But the Government always intended Help to Buy mortgage guarantee to act as a stimulus, not a long-term solution. From the beginning, it had an end date - 31 December 2016. The idea was to encourage big banks to start lending again.

So far, the record of Help to Buy has been pretty good. A first-time buyer in 2013 with a 5 per cent deposit had 56 mortgage products to choose from - not much when you consider some of those products would have been ridiculously expensive or would come with many strings attached. By 2016, according to Moneyfacts, first-time buyers had 271 products to choose from, nearly a five-fold increase

Over the same period, financial regulators have introduced much tougher mortgage affordability rules. First-time buyers can be expected to be interrogated about their income, their little luxuries and how they would cope if interest rates rose (contrary to our expectations in 2013, the Bank of England base rate has actually fallen). 

A criticism that still rings true, however, is that the mortgage guarantee scheme only helps boost demand for properties, while doing nothing about the lack of housing supply. Unlike its sister scheme, the Help to Buy equity loan scheme, there is no incentive for property companies to build more homes. According to FullFact, there were just 112,000 homes being built in England and Wales in 2010. By 2015, that had increased, but only to a mere 149,000.

This lack of supply helps to prop up house prices - one of the factors making it so difficult to get on the housing ladder in the first place. In July, the average house price in England was £233,000. This means a first-time buyer with a 5 per cent deposit of £11,650 would still need to be earning nearly £50,000 to meet most mortgage affordability criteria.
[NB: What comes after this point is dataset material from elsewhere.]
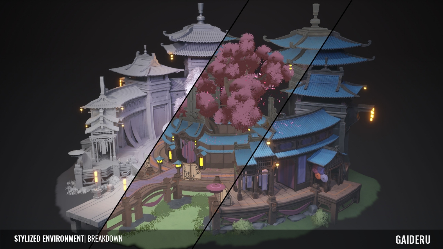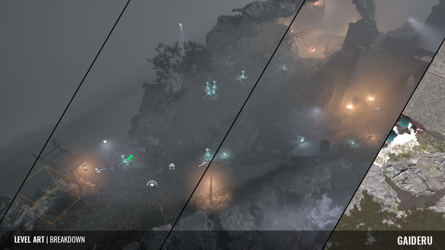 Помимо дипломного проекта, Константин представил ещё 2 локации, выполненные за период обучения на дисциплинах Level Art и «Стилизованное окружение». В совокупности они демонстрируют развитие навыков и умение собирать сцены разного масштаба для портфолио.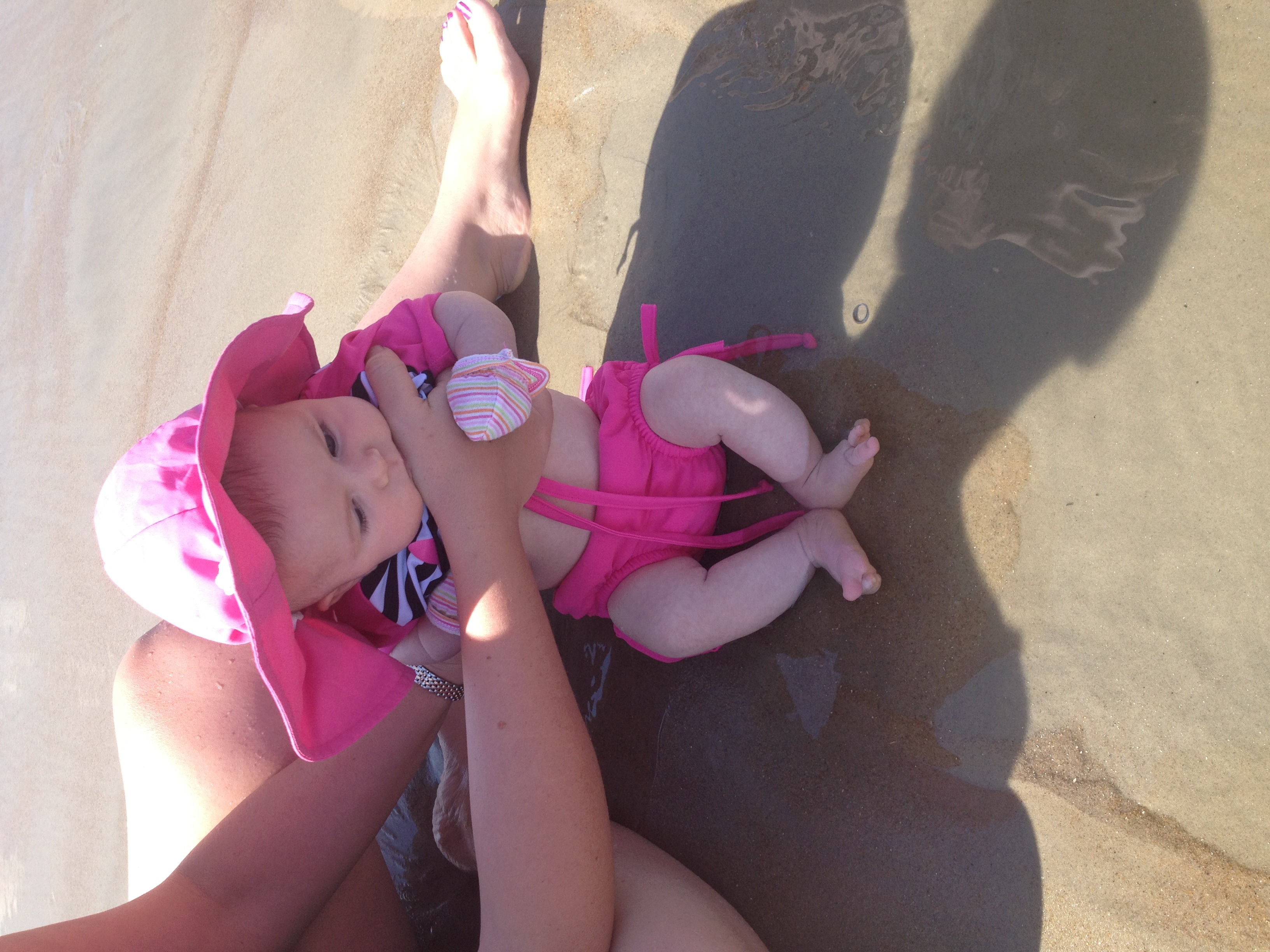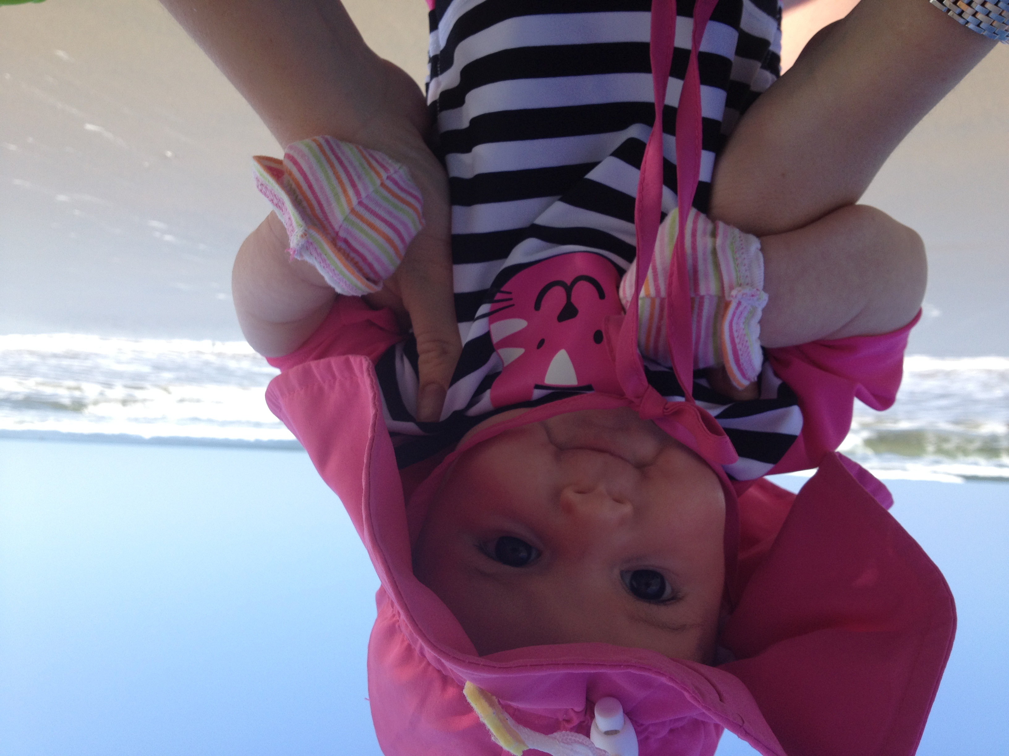 Here is DD at 2 months getting introduced to the ocean... And wondering if she will be wearing mittens til she is 16!

In other words, the Help to Buy mortgage guarantee is targeted squarely at the middle class.

The Government plans to maintain the Help to Buy equity loan scheme, which is restricted to new builds, and the Help to Buy ISA, which rewards savers at a time of low interest rates. As for Help to Buy mortgage guarantee, the scheme may be dead, but so long as high street banks are offering 95 per cent mortgages, its effects are still with us.